Apesar da crise internacional, o governo planeja novas rodadas de concessões para projetos de infra-estrutura no fim deste ano e início do próximo. Para o dia 1º de dezembro, na Bovespa, está marcado o leilão de 680 quilômetros da BR-116 e da BR-324, na Bahia. Outras três estradas federais - a BR-040 entre Brasília e Juiz de Fora, além dos trechos mineiros da BR-116 e da BR-381 - devem ter seus leilões até março de 2009. Em janeiro, o governo pretende lançar o edital de subconcessão da ferrovia Norte-Sul, no trecho que vai de Palmas a Estrela D´Oeste (SP).
"A maioria dos projetos de infra-estrutura é de alta lucratividade porque tem demanda certa", afirmou Dilma. O BNDES terá recursos para financiar as obras e não houve reclamações até agora de que a falta de crédito tenha afetado empreendimentos do PAC, segundo ela.
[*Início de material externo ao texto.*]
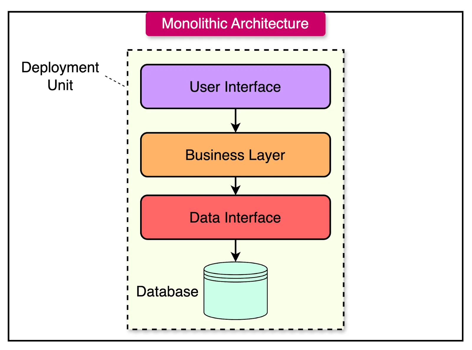 Monolithic Architecture adalah arsitektur paling klasik dan sederhana dalam dunia software development. Pada pendekatan ini, seluruh bagian aplikasi — mulai dari UI, API, business logic, hingga akses database — digabungkan dalam satu codebase besar dan biasanya dideploy sebagai satu aplikasi tunggal.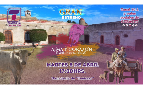 385 Grados / Coracyt / REDACCIÓN / a Coordinación de Radio, Cine y Televisión (Coracyt), presentó oficialmente su nuevo programa de televisión “Alma y Corazón, Haciendas Taurinas”, una producción que destaca la cultura, tradición y legado histórico de las haciendas tlaxcaltecas vinculadas a la tauromaquia. El estreno será el 8 de abril a las 17:00 horas, con su repetición el domingo 13, 16:30 horas; a través de Tlaxcala Televisión (canal 10.1).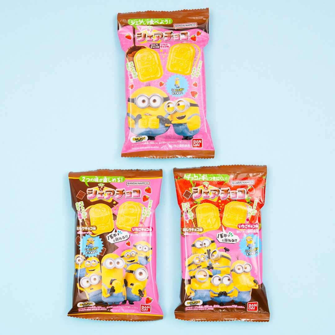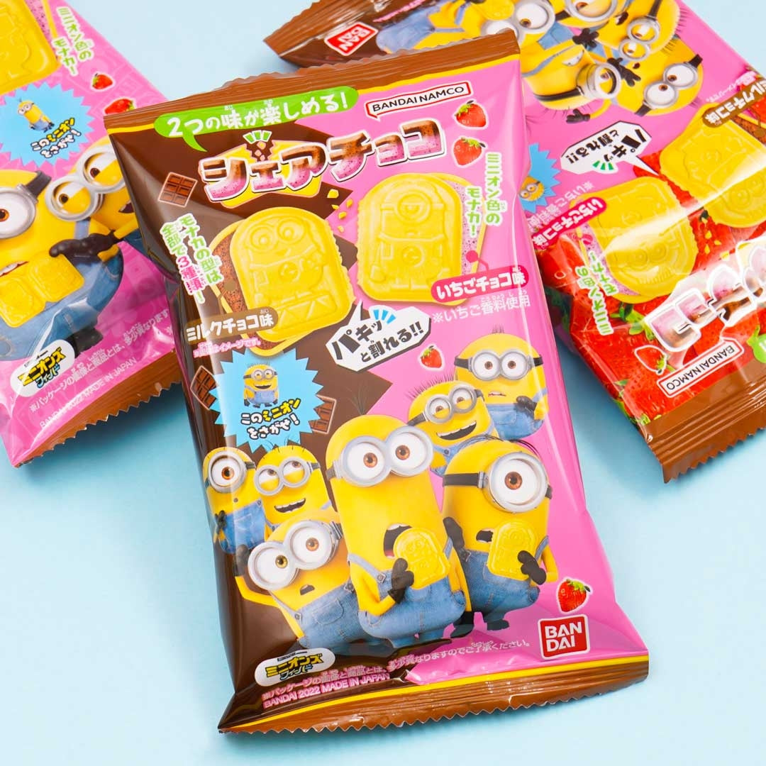 This pack of Minion-shaped monaka or Japanese wafer treats is perfect for snacking! Each wafer treat is filled with air-in chocolate. Enjoy the two different flavors in the pack - mellow milk chocolate and refreshing strawberry. You'll get random minion wafer designs and random packaging designs selected from a set of 3 when you order.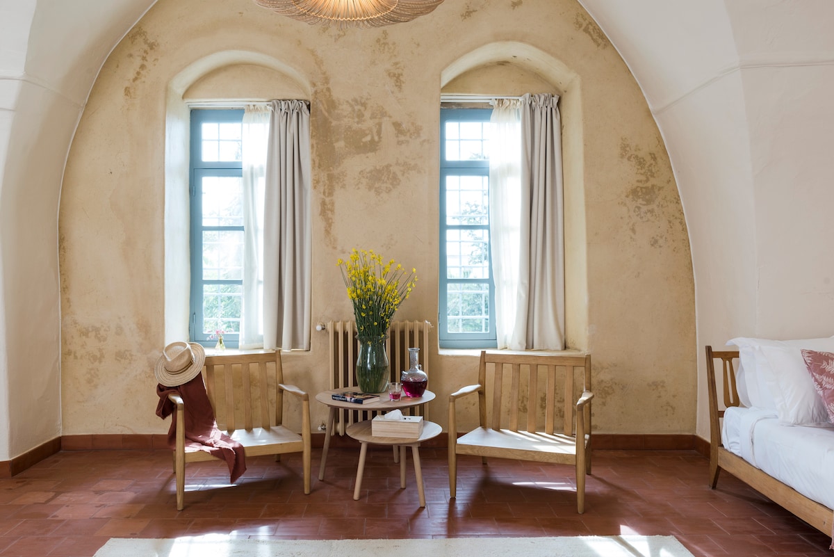 Maligayang pagdating sa Beyt el Jabal. Isang natatanging retreat na matatagpuan sa gitna ng makasaysayang Deir el Qamar. Inaanyayahan ka ng aming tahimik na boutique hotel na magpahinga sa iyong pribadong suite, na idinisenyo para sa kaginhawaan at kagandahan. Komportableng vaulted na silid - tulugan na may komportableng double bed. Pribadong banyo na may mga pangunahing kailangan. Napapalibutan ng mga maaliwalas na hardin at malalawak na bundok. Onsite na restawran na naghahain ng tunay na lokal na lutuin. Mainam para sa mga mag - asawa, artist, mahilig sa kalikasan, at mahilig sa kasaysayan. Nasasabik kaming tanggapin ka!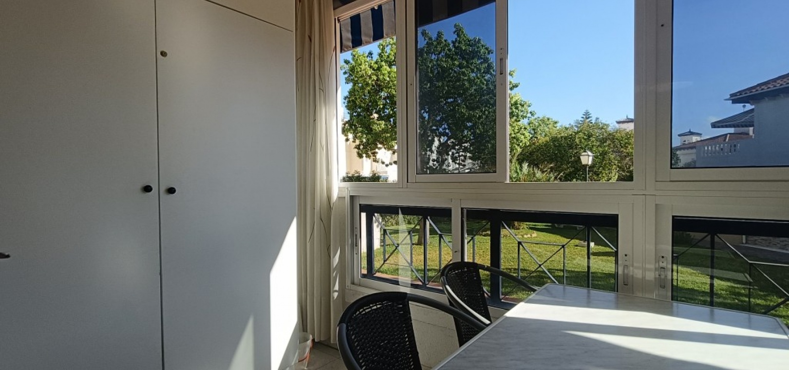 The home features a fully equipped kitchen, a separate bathroom, and a cozy living/sleeping area. It also includes a spacious enclosed terrace with windows that can be opened, storage space, and pleasant garden views.

O presidente da Câmara Brasileira da Indústria de Construção (CBIC), Paulo Safadi Simão, disse que a crise tem contornos "impressionantes" para o setor, que chegou a temer por falta de capital de giro para atender às ordens de serviço do PAC. Segundo ele, no entanto, a abertura de linha de crédito de R$ 3 bilhões pela CEF "dá fôlego suficiente" para as construtoras em 2009, quando prevê uma diminuição da demanda. Dilma lembrou que, além da linha de financiamento, a Caixa-Par estará à disposição de construtoras que queiram associar-se à estatal.